W związku z aspiracjami polskich mieszkańców Górnego Śląska Komitet Narodowy Polski zażądał na konferencji pokojowej w Paryżu przyłączenia tych terenów do Rzeczypospolitej. Postulat ten spotkał się z protestem Niemców. W efekcie mocarstwa zdecydowały o przeprowadzeniu plebiscytu. Władze niemieckie odpowiedziały falą represji wymierzonych w polskich działaczy. W reakcji na to działacze skupieni w tajnej Polskiej Organizacji Wojskowej Górnego Śląska rozpoczęli 17 sierpnia 1919 r. powstanie.
Będąca jeszcze w fazie powstawania, nieliczna i słabo uzbrojona organizacja stanęła przeciw doskonale wyszkolonym i uzbrojonym oddziałom niemieckiego Grenzschutzu. Mimo lokalnych sukcesów 26 sierpnia
powstanie upadło. Fala represji spowodowała masową emigrację powstańców
i ich rodzin do Polski. Przerwała je dopiero ogłoszona jesienią amnestia.

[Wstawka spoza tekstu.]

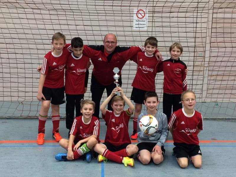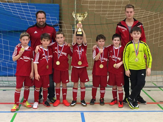 Das erste Hallenturnier im neuen Jahr führte die 2007er E-Jugend nach Flein. Bei winterlicher Anreise erschienen alle Spielerinnen und Spieler pünktlich zum frühen Treffpunkt (8:15 Uhr). Einer guten Vorbereitung stand also nichts mehr im Weg. Wir spielten mit zwei Mannschaftsblöcken (jeweils 4 Feldspieler), die dann zur Hälfte der Spielzeit getauscht wurden. Im Eröffnungsspiel des Turniers trafen wir gleich auf den Gastgeber aus Flein. Von Beginn an konnten wir uns ein Übergewicht an Spielanteilen erarbeiten und boten eine tolle und konzentrierte Vorstellung. Die Defensive um unseren Torwart Niklas und Abwehrchef Robin stand sicher und lies keine Chancen zu. Die Mittelfeldspieler Luis und Lina mit unserem Stürmer Maik lieferten einen beherzten Einsatz und setzten sich dem Gegner klasse zur Wehr. Leider konnten wir diese Überlegenheit nicht in Tore ummünzen. Dies gelang auch dem zweiten Block nicht. Beide Mannschaftsteile spielten sehr ausgeglichen und konzentriert, so dass das Spiel mit 0:0 endete. Die beiden folgenden Partien gegen Besigheim und Lehrensteinsfeld gingen jeweils mit 0:3 verloren. In diesen Partien machte sich stark bemerkbar, dass beim Gegner auch Spieler des älteren Jahrgangs (2006) eingesetzt wurden. Hier waren wir letztendlich chancenlos, aber trotzdem nicht haushoch unterlegen. In der letzten Partie trafen wir auf Massenbachhausen. In dieser Partie ging es um den dritten Platz in der Vorrundentabelle. Ein Weiterkommen war zu diesem Zeitpunkt nicht mehr möglich. Wir gingen sehr selbstbewusst ins Spiel und erzielten prompt durch einen abgefälschten Eckball von Luis das 1:0. Massenbachhausen gab natürlich nicht auf und erzielte schnell das 1:1. Nach dem Wechsel auf unseren zweiten Block, um unseren Kapitän Marius und den Mittelfeldspielern Lukas und Philipp, spielten wir weiter sicher nach vorne. Linus im Sturm attackierte den Gegner immer wieder frühzeitig, so dass wir den nötigen Druck aufbauen konnten. Nach einer wunderschönen Kombination im Mittelfeld zwischen Linus und Philipp schloss dieser platziert in die untere linke Ecke zum umjubelten 2:1 ab. Danach spielten wir die Partie clever zu Ende und ließen dem Gegner keine Chance mehr. Dieser Sieg war ein gelungener Abschluss unseres ersten Hallenturniers im Jahr 2017.

Nasza grupa w sile 40 osób, uzbrojona w 2 karabiny, kilkanaście brauningów i kilkanaście granatów ręcznych własnego wyrobu, rozbroiła i ubezwładniła dobrze uzbrojonego przeciwnika. Następnie udałem się z Siwym Emanuelem do mieszkania policjanta niemieckiego Szczurka, którego rozbroiliśmy i zabraliśmy mu brauning. W międzyczasie jednak nadeszła uwięzionym pomoc „Grenschutzu” z Bytomia z karabinami maszynowymi, przed którymi jako słabsi – uszliśmy w kierunku na Brzeziny i Kamień – do Polski. Następują represje i poszukiwania za bronią w domach powstańców. Aresztowano księgarza Rudzkiego, Żymańka Piotra i Karolika.